__WORK INSTRUCTIONS__:
Beneath this task are records; print exactly the stretch of them from the line with "not gonna hurt" through the line with "이동식 가구는 바퀴와 손잡이의 디자인이 중요합니다.", both ends included.

__WORKING DATA__:
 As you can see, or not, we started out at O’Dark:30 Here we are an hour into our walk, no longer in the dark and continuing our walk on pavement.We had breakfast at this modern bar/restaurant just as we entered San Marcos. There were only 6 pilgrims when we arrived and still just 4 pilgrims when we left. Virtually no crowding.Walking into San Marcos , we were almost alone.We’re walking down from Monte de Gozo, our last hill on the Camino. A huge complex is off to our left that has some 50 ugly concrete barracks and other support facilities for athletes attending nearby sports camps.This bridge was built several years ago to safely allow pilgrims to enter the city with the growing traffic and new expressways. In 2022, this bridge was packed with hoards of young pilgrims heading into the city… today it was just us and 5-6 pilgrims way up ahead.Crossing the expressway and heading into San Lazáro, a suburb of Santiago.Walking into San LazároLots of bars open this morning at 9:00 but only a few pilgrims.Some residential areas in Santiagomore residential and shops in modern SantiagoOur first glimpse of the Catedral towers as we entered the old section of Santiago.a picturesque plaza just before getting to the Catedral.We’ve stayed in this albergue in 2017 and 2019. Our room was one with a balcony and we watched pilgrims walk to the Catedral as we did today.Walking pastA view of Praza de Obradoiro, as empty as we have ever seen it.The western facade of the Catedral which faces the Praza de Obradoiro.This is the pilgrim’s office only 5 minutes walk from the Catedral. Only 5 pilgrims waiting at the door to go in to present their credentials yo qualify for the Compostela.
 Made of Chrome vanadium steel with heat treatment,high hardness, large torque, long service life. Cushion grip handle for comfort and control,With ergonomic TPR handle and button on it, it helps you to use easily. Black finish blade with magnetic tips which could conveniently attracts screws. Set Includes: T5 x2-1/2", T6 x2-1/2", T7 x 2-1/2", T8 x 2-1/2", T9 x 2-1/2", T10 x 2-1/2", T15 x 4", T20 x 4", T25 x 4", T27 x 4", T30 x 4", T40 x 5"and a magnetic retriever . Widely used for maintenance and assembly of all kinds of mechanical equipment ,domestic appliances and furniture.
---
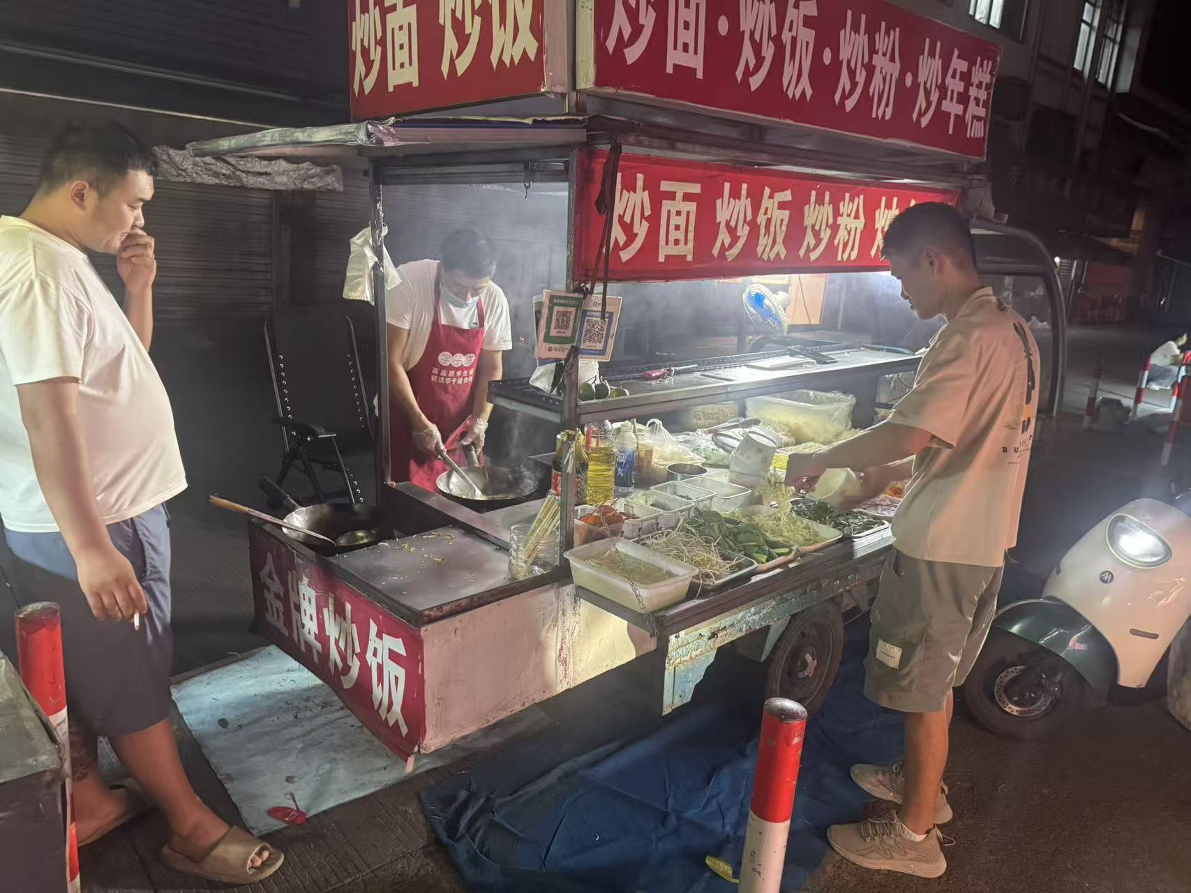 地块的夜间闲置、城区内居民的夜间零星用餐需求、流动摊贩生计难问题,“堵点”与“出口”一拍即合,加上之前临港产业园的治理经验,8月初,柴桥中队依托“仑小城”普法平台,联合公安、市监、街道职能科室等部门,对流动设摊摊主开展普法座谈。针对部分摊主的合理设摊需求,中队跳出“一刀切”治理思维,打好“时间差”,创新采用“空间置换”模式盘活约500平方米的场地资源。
---
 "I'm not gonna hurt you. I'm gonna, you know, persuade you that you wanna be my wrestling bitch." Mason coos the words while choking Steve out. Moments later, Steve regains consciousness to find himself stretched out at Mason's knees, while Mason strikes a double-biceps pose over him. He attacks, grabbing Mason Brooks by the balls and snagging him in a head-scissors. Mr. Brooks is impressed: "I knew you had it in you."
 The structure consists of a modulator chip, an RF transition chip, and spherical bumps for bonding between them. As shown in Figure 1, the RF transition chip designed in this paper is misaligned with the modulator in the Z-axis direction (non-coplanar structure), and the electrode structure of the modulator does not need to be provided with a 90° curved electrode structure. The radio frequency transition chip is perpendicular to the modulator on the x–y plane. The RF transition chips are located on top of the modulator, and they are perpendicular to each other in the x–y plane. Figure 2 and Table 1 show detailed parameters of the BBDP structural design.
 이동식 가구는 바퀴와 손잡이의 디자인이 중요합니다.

__SOLUTION TO THIS PROBLEM__:
 "I'm not gonna hurt you. I'm gonna, you know, persuade you that you wanna be my wrestling bitch." Mason coos the words while choking Steve out. Moments later, Steve regains consciousness to find himself stretched out at Mason's knees, while Mason strikes a double-biceps pose over him. He attacks, grabbing Mason Brooks by the balls and snagging him in a head-scissors. Mr. Brooks is impressed: "I knew you had it in you."
 The structure consists of a modulator chip, an RF transition chip, and spherical bumps for bonding between them. As shown in Figure 1, the RF transition chip designed in this paper is misaligned with the modulator in the Z-axis direction (non-coplanar structure), and the electrode structure of the modulator does not need to be provided with a 90° curved electrode structure. The radio frequency transition chip is perpendicular to the modulator on the x–y plane. The RF transition chips are located on top of the modulator, and they are perpendicular to each other in the x–y plane. Figure 2 and Table 1 show detailed parameters of the BBDP structural design.
 이동식 가구는 바퀴와 손잡이의 디자인이 중요합니다.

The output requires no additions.